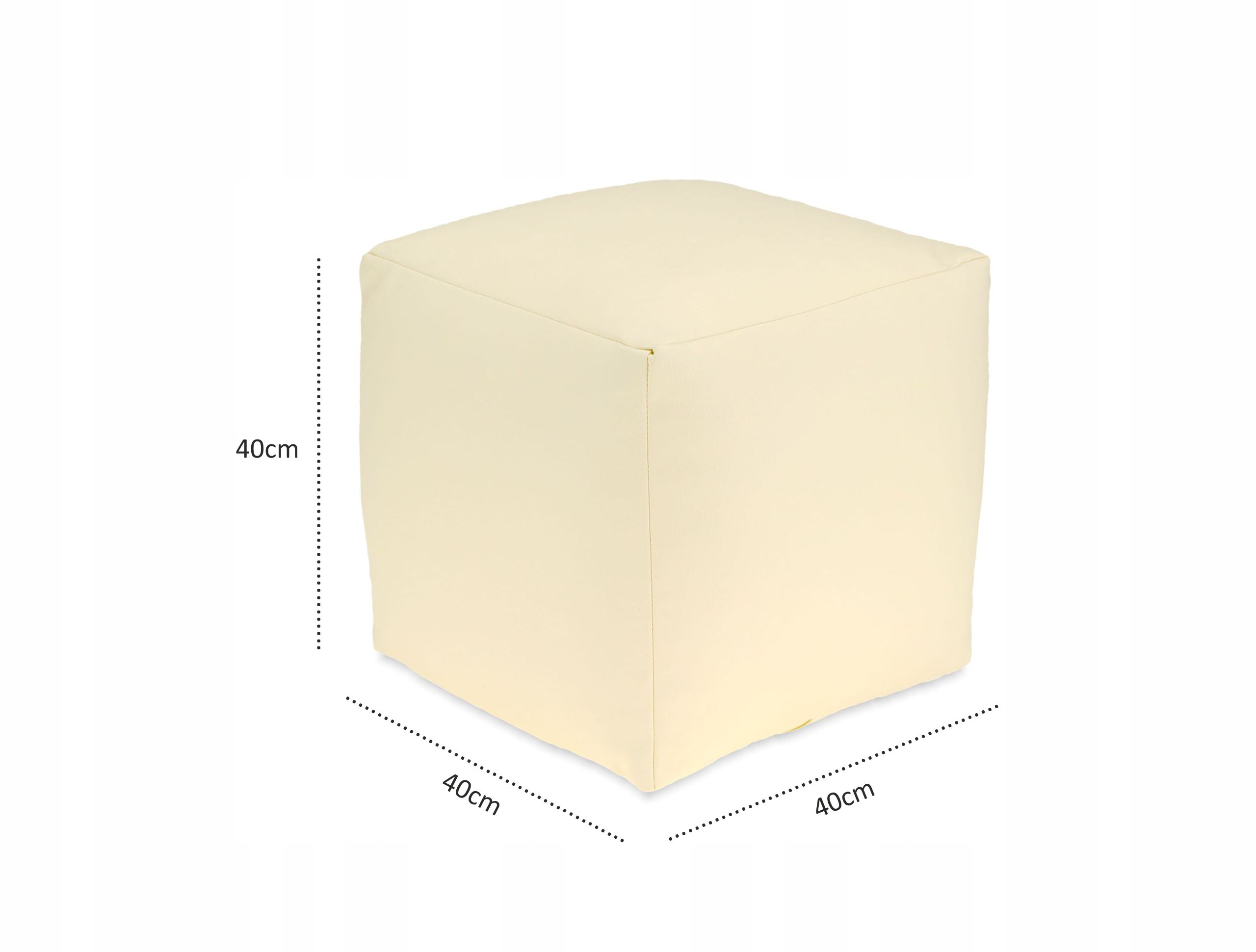 Предмет аукциона — пуф-куб квадратной формы со сторонами 40 см. Вы можете свободно выбирать цветовую версию при покупке, выбирая цветовые версии из образца или цветовой палитры, имеющихся на аукционе. Инструкция по выбору цвета описана в тексте ниже. Куб представляет собой бескаркасный предмет мебели, поэтому его размеры могут меняться в зависимости от веса пользователя, расположения пуфа или выбора наполнение. Пуф стандартно наполнен смесью гибких материалов для мебельного производства, обеспечивающих долговечность и комфорт использования. Кубик изготовлен из эко-кожи Dollaro, сертифицированной Польским национальным институтом гигиены (PZH).
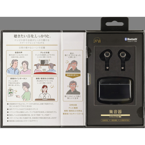 たのしいかいしゃ TA-HN1BK Bluetoothイヤホン機能付き/集音器 イヤホン部/ケース部3.7V 40mAh ブラックTAHN1BK
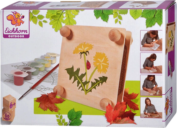 Набір для рукоділля «Прес для листя та квітів Eichhorn» пропонує творчі ігри на природі. Дерев'яний прес для квітів постачається з пензлем та шістьма кольорами фарб, що дозволяє дітям збирати та зберігати листя та квіти. Дайте волю їхній уяві, коли вони відображатимуть красу природи у витворах мистецтва. Це чудовий спосіб дізнатися про флору та створити незабутні спогади.
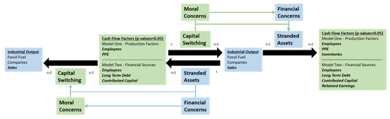 Furthermore, the Granger causality tests suggest a bi-directional causality between financial factors and sales. A change in financial inputs changes sales and vice versa. The bi-directional causality between the cash flow factors and the industrial output that has already been identified by Waddock and Graves [11] for CSR is presented in Figure 2. Capital switching precedes the stranded assets. Ethically motivated divestment might lead to withdrawals of financial capital from the fossil fuel industry, leading to a decrease in financial capital needed to maintain sales and industrial output, including the exploitation of fossil fuel resources [40].
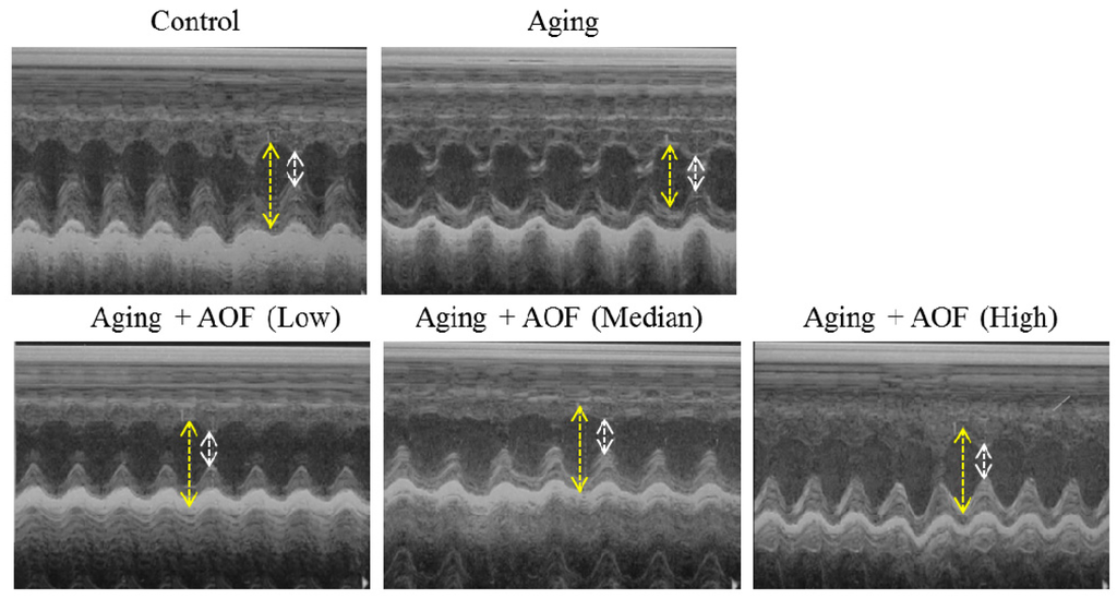 Echocardiography findings. Representative echocardiographic M-mode images from rats with d-galactose and Alpinate Oxyphyllae Fructus (AOF) treatment. AL (AOF low), AM (AOF medium), AH (AOF high) represent the doses of 50, 100 and 150 mg of Alpinate Oxyphyllae Fructus per kg BW (Body weight). The long yellow arrow indicates cardiac diastole, and the short white arrow shows cardiac systole.
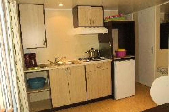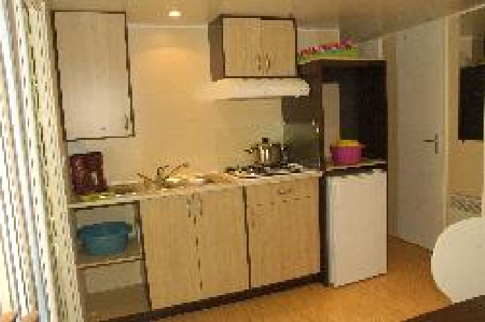 Mobil Home constitué d'un coin cuisine équipé de plaques de cuisson, réfrigérateur, micro onde, cafetière électrique, micro-ondes et vaisselle. Oreillers et couvertures fournis. Terrasse avec salon de jardin, parasol et bains de soleil.
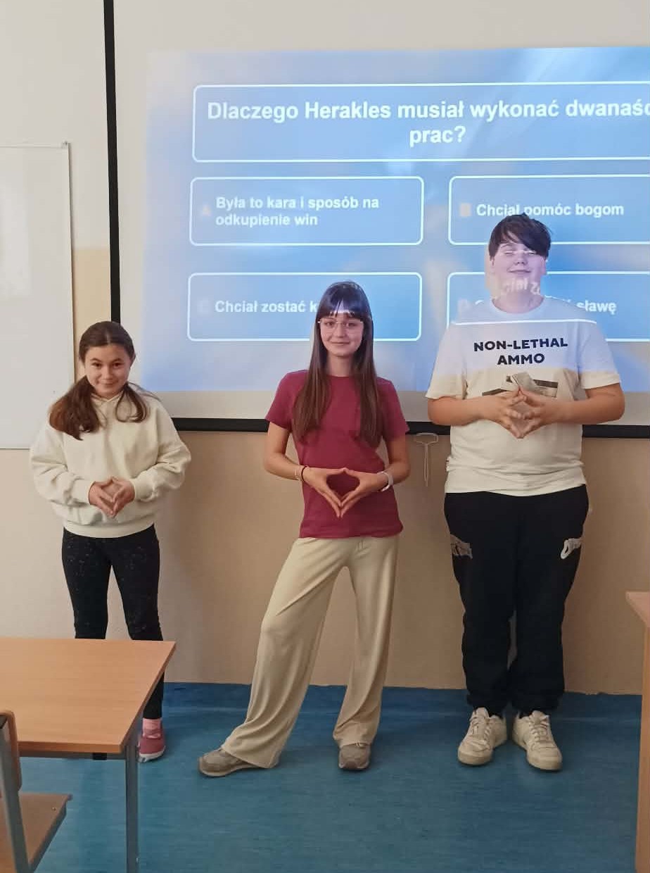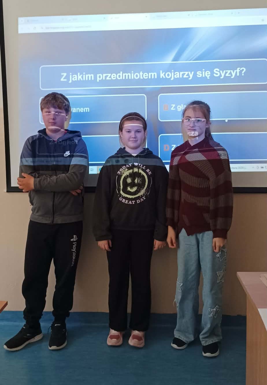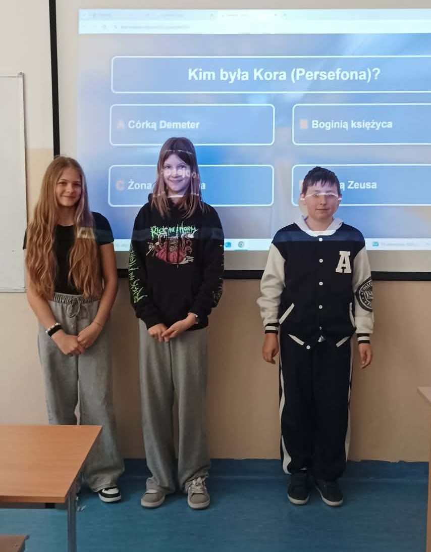 13 kwietnia w naszej szkole odbył się konkurs mitologiczny dla uczniów klasy 5, który dostarczył uczestnikom wielu emocji i dobrej zabawy. Uczniowie zostali podzieleni na 6 grup, a każda z nich miała za zadanie zmierzyć się z pytaniami dotyczącymi mitologii. Konkurs został przeprowadzony w formie popularnej gry „Milionerzy”. Każda grupa otrzymała inny mit, na podstawie którego przygotowane były pytania. Uczniowie musieli wykazać się wiedzą, spostrzegawczością oraz umiejętnością współpracy w zespole. Rywalizacja była bardzo wyrównana, a uczestnicy z dużym zaangażowaniem odpowiadali na kolejne pytania, starając się zdobyć jak najwyższe kwoty w grze. Nagrodą za udział w konkursie były oceny, uzależnione od kwoty wygranej w „Milionerach”, co dodatkowo motywowało uczniów do jak najlepszych wyników. Wydarzenie przebiegło w miłej atmosferze i było świetną okazją do nauki poprzez zabawę.
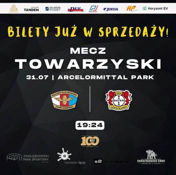 Można już kupować bilety na mecz z okazji 100-lecia Czarnych Sosnowiec. Rywalem piłkarek z Sosnowca będzie niemiecki Bayer Leverkusen.

What the exercise asks: Word for word, give the entries above again, with no images included.

Exercise answer:
 Предмет аукциона — пуф-куб квадратной формы со сторонами 40 см. Вы можете свободно выбирать цветовую версию при покупке, выбирая цветовые версии из образца или цветовой палитры, имеющихся на аукционе. Инструкция по выбору цвета описана в тексте ниже. Куб представляет собой бескаркасный предмет мебели, поэтому его размеры могут меняться в зависимости от веса пользователя, расположения пуфа или выбора наполнение. Пуф стандартно наполнен смесью гибких материалов для мебельного производства, обеспечивающих долговечность и комфорт использования. Кубик изготовлен из эко-кожи Dollaro, сертифицированной Польским национальным институтом гигиены (PZH).
 たのしいかいしゃ TA-HN1BK Bluetoothイヤホン機能付き/集音器 イヤホン部/ケース部3.7V 40mAh ブラックTAHN1BK
 Набір для рукоділля «Прес для листя та квітів Eichhorn» пропонує творчі ігри на природі. Дерев'яний прес для квітів постачається з пензлем та шістьма кольорами фарб, що дозволяє дітям збирати та зберігати листя та квіти. Дайте волю їхній уяві, коли вони відображатимуть красу природи у витворах мистецтва. Це чудовий спосіб дізнатися про флору та створити незабутні спогади.
 Furthermore, the Granger causality tests suggest a bi-directional causality between financial factors and sales. A change in financial inputs changes sales and vice versa. The bi-directional causality between the cash flow factors and the industrial output that has already been identified by Waddock and Graves [11] for CSR is presented in Figure 2. Capital switching precedes the stranded assets. Ethically motivated divestment might lead to withdrawals of financial capital from the fossil fuel industry, leading to a decrease in financial capital needed to maintain sales and industrial output, including the exploitation of fossil fuel resources [40].
 Echocardiography findings. Representative echocardiographic M-mode images from rats with d-galactose and Alpinate Oxyphyllae Fructus (AOF) treatment. AL (AOF low), AM (AOF medium), AH (AOF high) represent the doses of 50, 100 and 150 mg of Alpinate Oxyphyllae Fructus per kg BW (Body weight). The long yellow arrow indicates cardiac diastole, and the short white arrow shows cardiac systole.
 Mobil Home constitué d'un coin cuisine équipé de plaques de cuisson, réfrigérateur, micro onde, cafetière électrique, micro-ondes et vaisselle. Oreillers et couvertures fournis. Terrasse avec salon de jardin, parasol et bains de soleil.
 13 kwietnia w naszej szkole odbył się konkurs mitologiczny dla uczniów klasy 5, który dostarczył uczestnikom wielu emocji i dobrej zabawy. Uczniowie zostali podzieleni na 6 grup, a każda z nich miała za zadanie zmierzyć się z pytaniami dotyczącymi mitologii. Konkurs został przeprowadzony w formie popularnej gry „Milionerzy”. Każda grupa otrzymała inny mit, na podstawie którego przygotowane były pytania. Uczniowie musieli wykazać się wiedzą, spostrzegawczością oraz umiejętnością współpracy w zespole. Rywalizacja była bardzo wyrównana, a uczestnicy z dużym zaangażowaniem odpowiadali na kolejne pytania, starając się zdobyć jak najwyższe kwoty w grze. Nagrodą za udział w konkursie były oceny, uzależnione od kwoty wygranej w „Milionerach”, co dodatkowo motywowało uczniów do jak najlepszych wyników. Wydarzenie przebiegło w miłej atmosferze i było świetną okazją do nauki poprzez zabawę.
 Można już kupować bilety na mecz z okazji 100-lecia Czarnych Sosnowiec. Rywalem piłkarek z Sosnowca będzie niemiecki Bayer Leverkusen.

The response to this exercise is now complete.